# [WHAT THE TASK REQUIRES]
Give the data again word for word; drop the pictures.

# [STORED DATA]
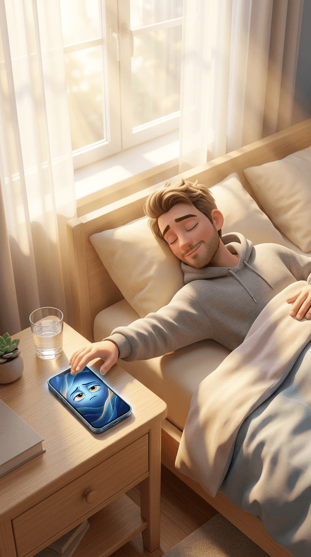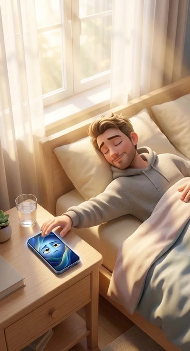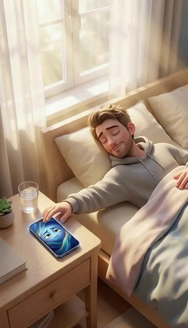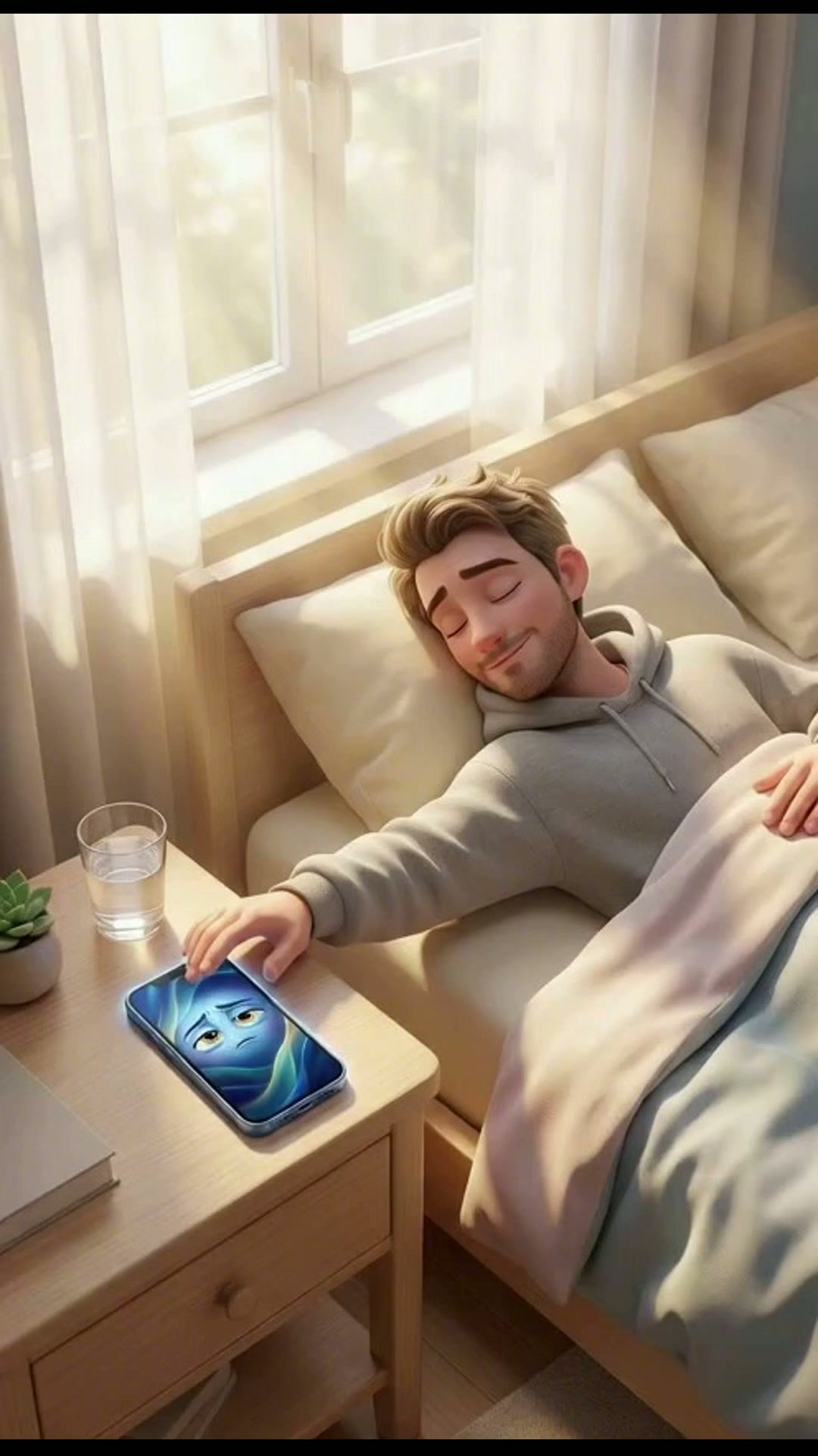 Strong rule: style --- 3D Pixar ---. Солнечная спальня ранним утром, золотистые лучи пробиваются сквозь белые занавески. На прикроватной ...
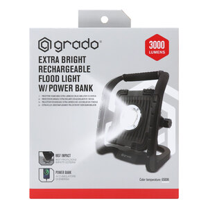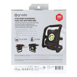 Proiettore ricaricabile extra luminoso, con accumulatore di energia. Luce eccezionalmente luminosa per una maggiore visibilità in condizioni di scarsa luminosità. Accumulatore di energia integrato: utile per ricaricare i dispositivi in viaggio. Fornisce opzioni di illuminazione versatili per situazioni diverse. Ricarica con USB Type C (cavo incluso). 3000 lumens. Led COB 6500K. Ruotabile a 360°. IK07 protezione da impatti. IP54. CRI (resa cromatica): 80. Materiale di costruzione: alluminio, ABS e TPE. Batteria 3,7V 8000mAh. Tempo di ricarica: 4,5 ore. Tempo di lavoro 2 - 5 ore. 30W
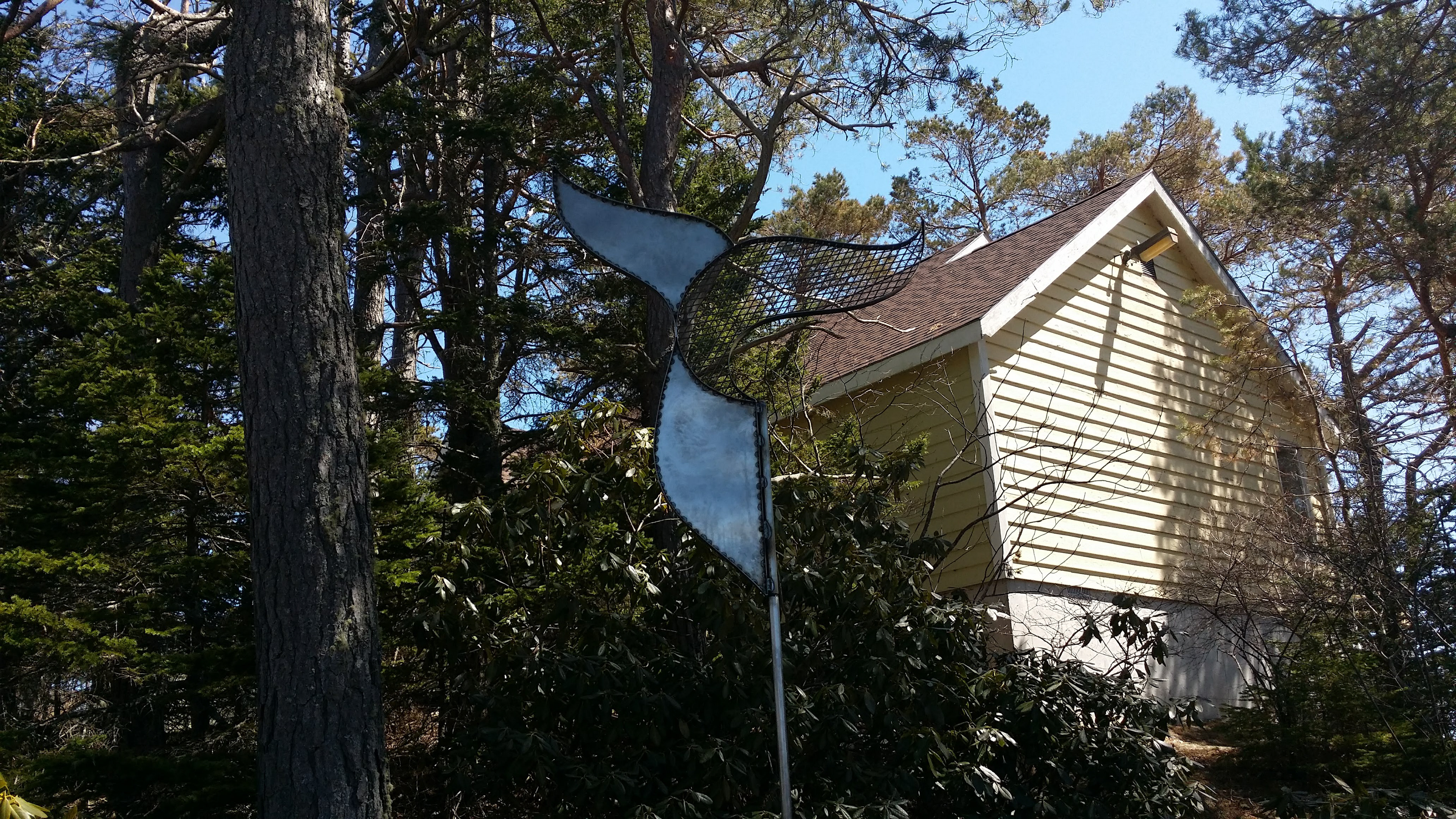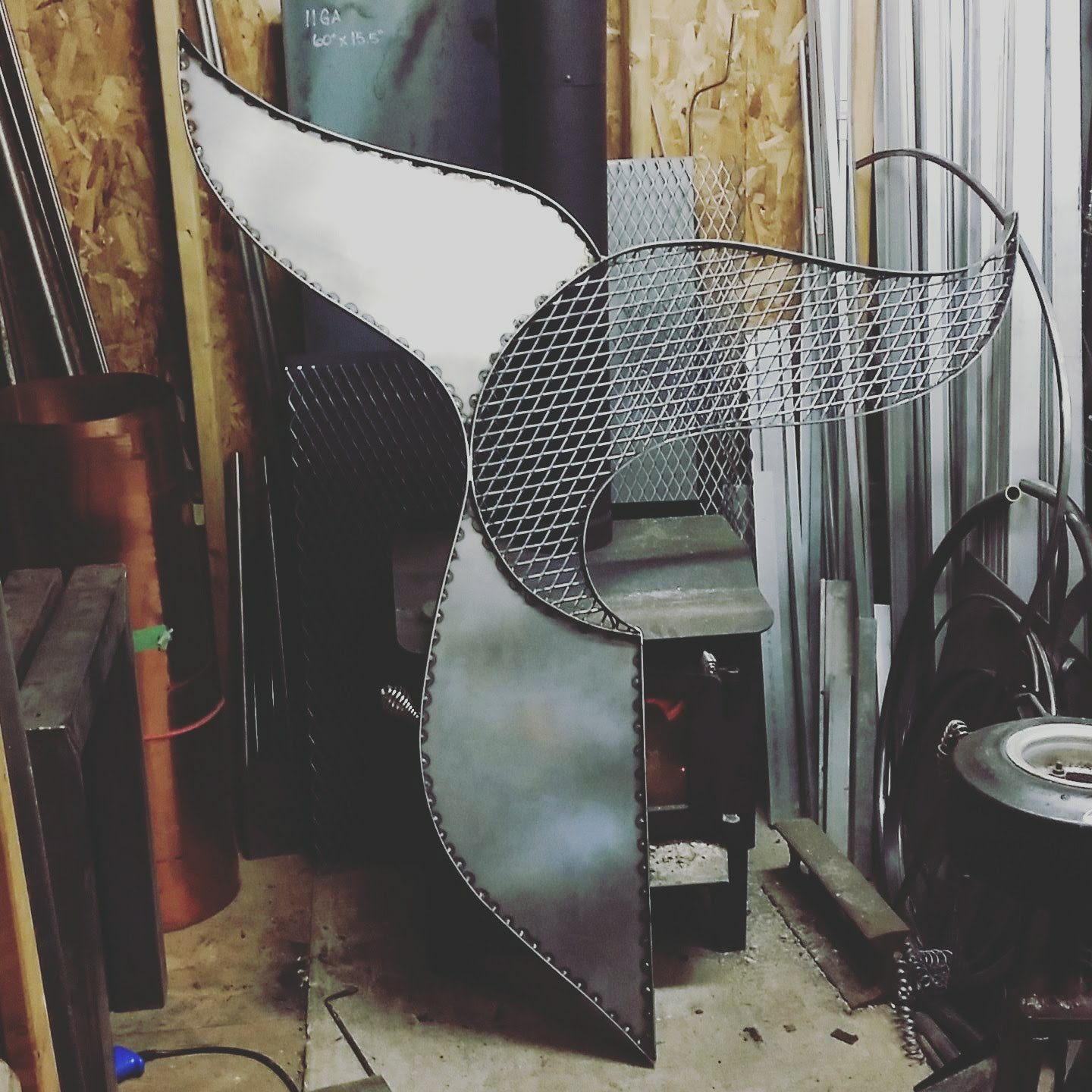 Created this unique metal whale tail wind sculpture, Thar She Blows, for White Point Beach Resort. You'll see on the way to the main lodge.

# [TASK RESPONSE]
 Strong rule: style --- 3D Pixar ---. Солнечная спальня ранним утром, золотистые лучи пробиваются сквозь белые занавески. На прикроватной ...
 Proiettore ricaricabile extra luminoso, con accumulatore di energia. Luce eccezionalmente luminosa per una maggiore visibilità in condizioni di scarsa luminosità. Accumulatore di energia integrato: utile per ricaricare i dispositivi in viaggio. Fornisce opzioni di illuminazione versatili per situazioni diverse. Ricarica con USB Type C (cavo incluso). 3000 lumens. Led COB 6500K. Ruotabile a 360°. IK07 protezione da impatti. IP54. CRI (resa cromatica): 80. Materiale di costruzione: alluminio, ABS e TPE. Batteria 3,7V 8000mAh. Tempo di ricarica: 4,5 ore. Tempo di lavoro 2 - 5 ore. 30W
 Created this unique metal whale tail wind sculpture, Thar She Blows, for White Point Beach Resort. You'll see on the way to the main lodge.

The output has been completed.